━━ INFORMATION SHOWN ━━
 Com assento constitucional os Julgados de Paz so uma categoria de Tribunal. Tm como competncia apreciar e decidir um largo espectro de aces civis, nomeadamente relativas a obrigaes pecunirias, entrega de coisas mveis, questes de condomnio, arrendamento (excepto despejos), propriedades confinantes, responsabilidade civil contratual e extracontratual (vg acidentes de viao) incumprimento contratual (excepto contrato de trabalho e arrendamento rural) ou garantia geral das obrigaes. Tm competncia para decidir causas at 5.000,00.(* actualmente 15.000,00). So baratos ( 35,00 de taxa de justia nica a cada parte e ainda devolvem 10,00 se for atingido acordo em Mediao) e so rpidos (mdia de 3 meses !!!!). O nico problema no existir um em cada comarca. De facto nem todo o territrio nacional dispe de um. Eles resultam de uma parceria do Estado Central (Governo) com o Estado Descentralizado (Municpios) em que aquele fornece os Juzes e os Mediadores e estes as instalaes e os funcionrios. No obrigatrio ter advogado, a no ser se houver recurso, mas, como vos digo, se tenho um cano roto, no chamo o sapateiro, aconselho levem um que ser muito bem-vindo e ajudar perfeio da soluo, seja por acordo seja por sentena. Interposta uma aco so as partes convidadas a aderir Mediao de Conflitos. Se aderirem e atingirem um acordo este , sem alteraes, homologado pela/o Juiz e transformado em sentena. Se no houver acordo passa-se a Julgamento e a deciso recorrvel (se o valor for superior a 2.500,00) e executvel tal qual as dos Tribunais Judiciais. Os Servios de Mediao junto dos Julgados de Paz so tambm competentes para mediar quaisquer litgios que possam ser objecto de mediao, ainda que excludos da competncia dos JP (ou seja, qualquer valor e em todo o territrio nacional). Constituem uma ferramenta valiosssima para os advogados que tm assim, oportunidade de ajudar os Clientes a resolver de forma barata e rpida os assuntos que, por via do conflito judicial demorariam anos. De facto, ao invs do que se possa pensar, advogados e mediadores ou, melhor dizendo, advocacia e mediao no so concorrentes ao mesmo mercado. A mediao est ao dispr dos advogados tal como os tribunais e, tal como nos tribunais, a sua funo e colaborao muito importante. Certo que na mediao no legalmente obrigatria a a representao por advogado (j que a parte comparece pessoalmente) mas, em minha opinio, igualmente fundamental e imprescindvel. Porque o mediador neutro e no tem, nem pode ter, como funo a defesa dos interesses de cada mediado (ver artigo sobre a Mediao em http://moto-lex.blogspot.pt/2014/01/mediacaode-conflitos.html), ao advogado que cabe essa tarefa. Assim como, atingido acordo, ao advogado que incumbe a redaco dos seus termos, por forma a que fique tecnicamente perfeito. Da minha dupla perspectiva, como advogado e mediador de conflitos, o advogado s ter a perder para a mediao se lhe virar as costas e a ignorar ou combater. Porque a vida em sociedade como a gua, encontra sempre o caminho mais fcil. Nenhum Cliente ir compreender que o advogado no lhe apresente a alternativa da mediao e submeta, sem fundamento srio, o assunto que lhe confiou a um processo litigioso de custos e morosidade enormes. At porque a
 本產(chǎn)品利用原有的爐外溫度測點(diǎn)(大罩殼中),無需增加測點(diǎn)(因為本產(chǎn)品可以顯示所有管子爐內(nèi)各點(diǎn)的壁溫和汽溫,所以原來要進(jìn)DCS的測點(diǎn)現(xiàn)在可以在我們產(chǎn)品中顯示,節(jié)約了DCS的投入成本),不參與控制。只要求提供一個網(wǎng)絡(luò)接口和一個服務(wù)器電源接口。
━━━
━━ INFORMATION SHOWN ━━
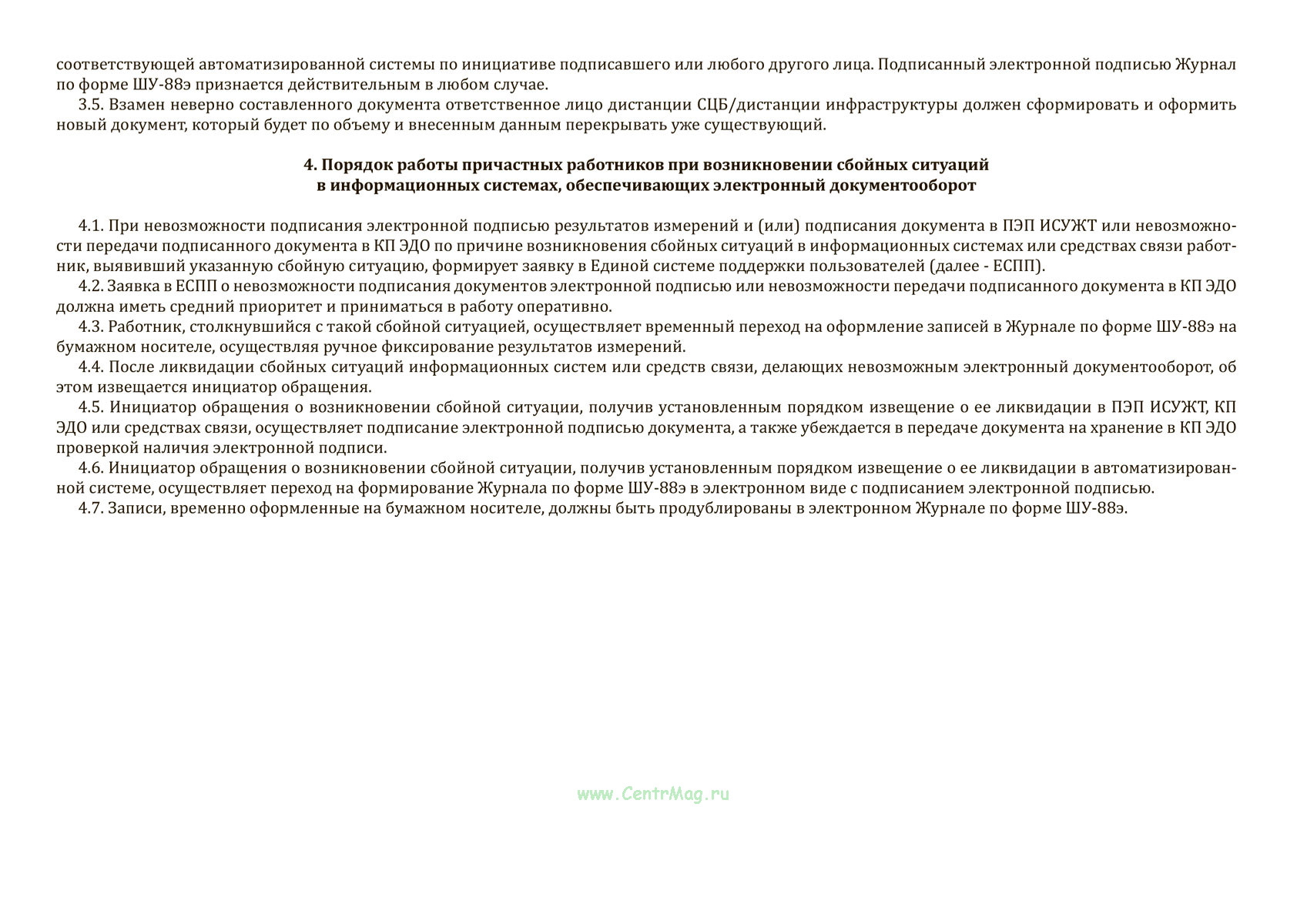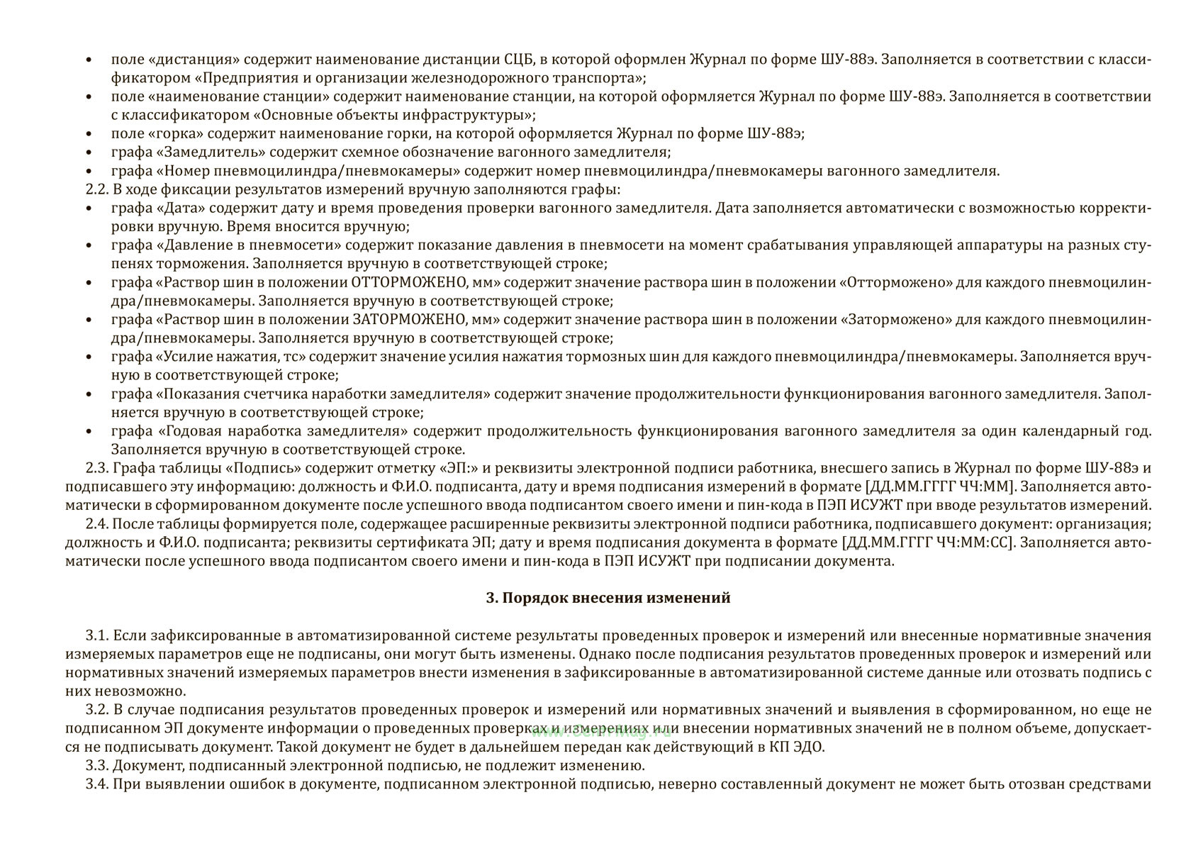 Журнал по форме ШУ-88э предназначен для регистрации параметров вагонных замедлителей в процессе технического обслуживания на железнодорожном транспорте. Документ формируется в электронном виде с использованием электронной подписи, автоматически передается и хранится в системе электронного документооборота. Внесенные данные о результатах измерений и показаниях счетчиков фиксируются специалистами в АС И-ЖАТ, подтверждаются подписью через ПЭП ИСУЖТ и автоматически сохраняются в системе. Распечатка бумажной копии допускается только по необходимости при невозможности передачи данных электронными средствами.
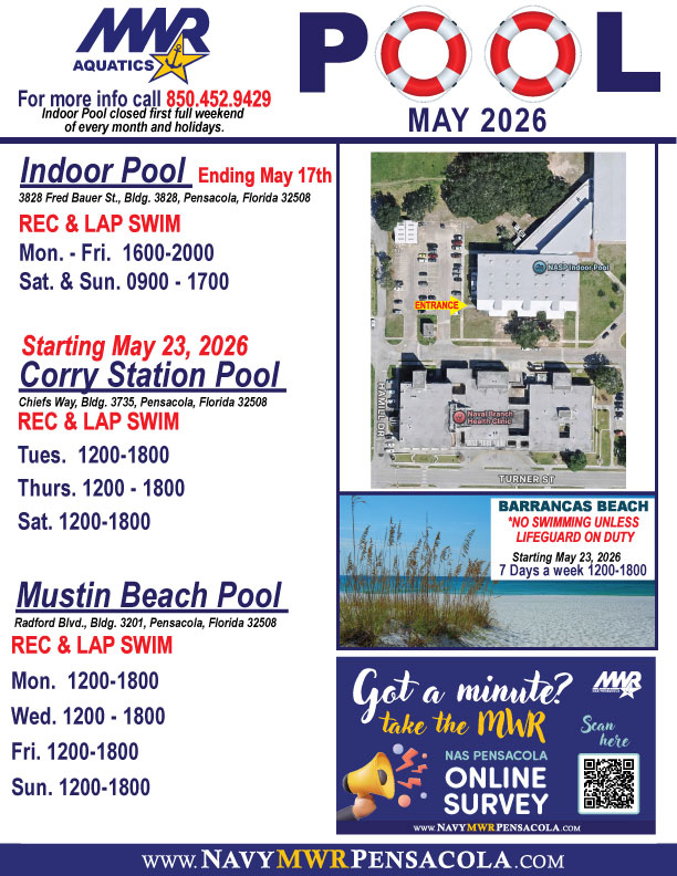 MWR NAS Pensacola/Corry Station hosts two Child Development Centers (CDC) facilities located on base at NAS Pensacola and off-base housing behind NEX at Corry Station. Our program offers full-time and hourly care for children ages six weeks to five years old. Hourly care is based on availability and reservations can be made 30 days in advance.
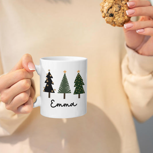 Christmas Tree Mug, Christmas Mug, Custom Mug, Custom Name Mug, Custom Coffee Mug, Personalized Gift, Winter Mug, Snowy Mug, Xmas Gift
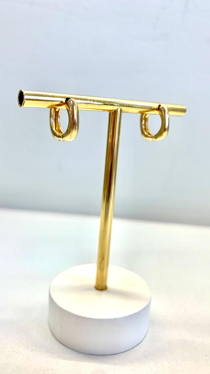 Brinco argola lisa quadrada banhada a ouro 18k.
━━━
▶ [WORK REQUIRED]
Given the listing above, repeat exactly the lines starting at the one with "Журнал по форме" and ending at the one with "Brinco argola lisa", inclusive, excluding pictures.

▶ [ANSWER BOX]
 Журнал по форме ШУ-88э предназначен для регистрации параметров вагонных замедлителей в процессе технического обслуживания на железнодорожном транспорте. Документ формируется в электронном виде с использованием электронной подписи, автоматически передается и хранится в системе электронного документооборота. Внесенные данные о результатах измерений и показаниях счетчиков фиксируются специалистами в АС И-ЖАТ, подтверждаются подписью через ПЭП ИСУЖТ и автоматически сохраняются в системе. Распечатка бумажной копии допускается только по необходимости при невозможности передачи данных электронными средствами.
 MWR NAS Pensacola/Corry Station hosts two Child Development Centers (CDC) facilities located on base at NAS Pensacola and off-base housing behind NEX at Corry Station. Our program offers full-time and hourly care for children ages six weeks to five years old. Hourly care is based on availability and reservations can be made 30 days in advance.
 Christmas Tree Mug, Christmas Mug, Custom Mug, Custom Name Mug, Custom Coffee Mug, Personalized Gift, Winter Mug, Snowy Mug, Xmas Gift
 Brinco argola lisa quadrada banhada a ouro 18k.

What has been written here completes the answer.